У Тони отец, не поняла, - пьет-не пьет - вроде тоже попивает, но беда в том, что живет с какими-то женщинами, еще и приходит иногда что-то свое кровное в их бедненькой квартире для себя отыскать и, разумеется, за одно жену и дочь разобидеть. У себя ни Тату, ни Тоню я принять не могу; да и объяснить - почему, мне им довольно мудрено, ну кто сейчас поверит, что обитаю в дореволюционном заповеднике, где охраняются еще тех времен традиции, мысли, идеи и имеется даже прислуга.
III
Хоть я и убивалась по скорой навсегда с Татой и Тоней разлуке, но вышло совсем неожиданное. Наконец, как-то утром Глафира разбудила меня рано, как в школу. Помогла надеть платье (нешкольное) и вплести ленты (цветные), после чего велела сложить все учебники и тетради в портфель.
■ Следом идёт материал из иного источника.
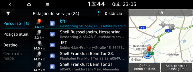 Posição atual: pesquisa estações de serviço perto da localização atual do veículo.
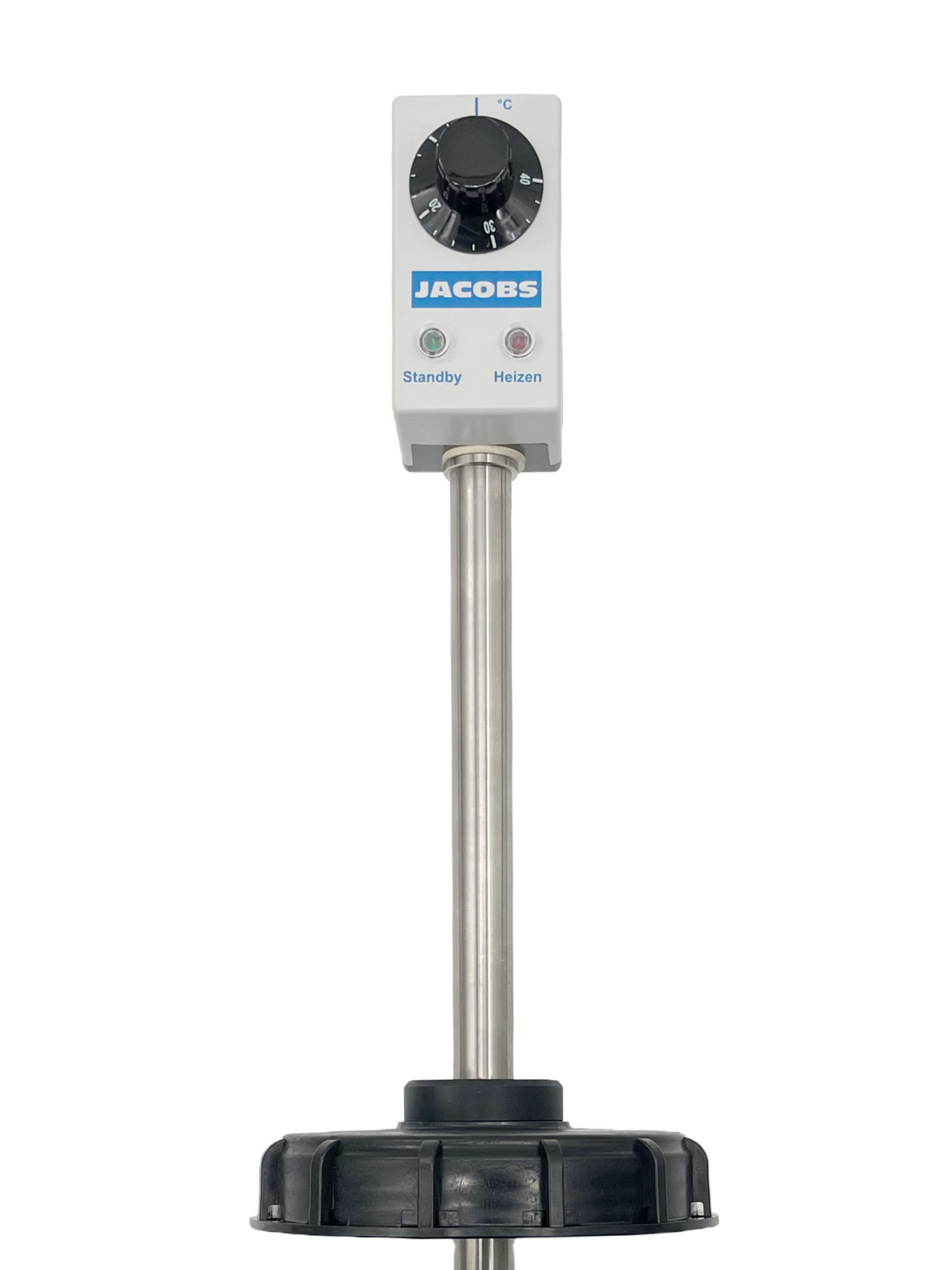 Ein im unteren Ende des Führungsrohres eingebauter Temperatursensor reagiert auf die Temperatur der umgebenden Flüssigkeit und schaltet die Heizung ein bzw. aus. Kontrollleuchten zeigen an, ob geheizt wird oder ob die Temperatur erreicht ist. Dadurch hält die IBC-Heizung die gewünschte Temperatur relativ konstant (Differenz zwischen Ein- und Ausschaltpunkt ca. 3°C).

Сердце мое упало: вот и все - меня увозят откуда привезли, с тетрадями и учебниками, которые здесь никому не нужны. Потом Глафира мне велела одеться и оделась сама идти на улицу. Мы вышли, и она повела меня по хорошо знакомым местам. Пройдя всю улицу, мы свернули в переулок, и она указала мне войти за ней в какой-то старинный с облупленной лепниной дом, мы поднялись по завивавшейся спиралью лестнице с протертыми ступенями и остановились перед дверью. Глафира несколько раз нажала звонок - дверь открылась, и я увидела Федора Карловича с его добрейшей мне улыбкою. Ах, как я была рада!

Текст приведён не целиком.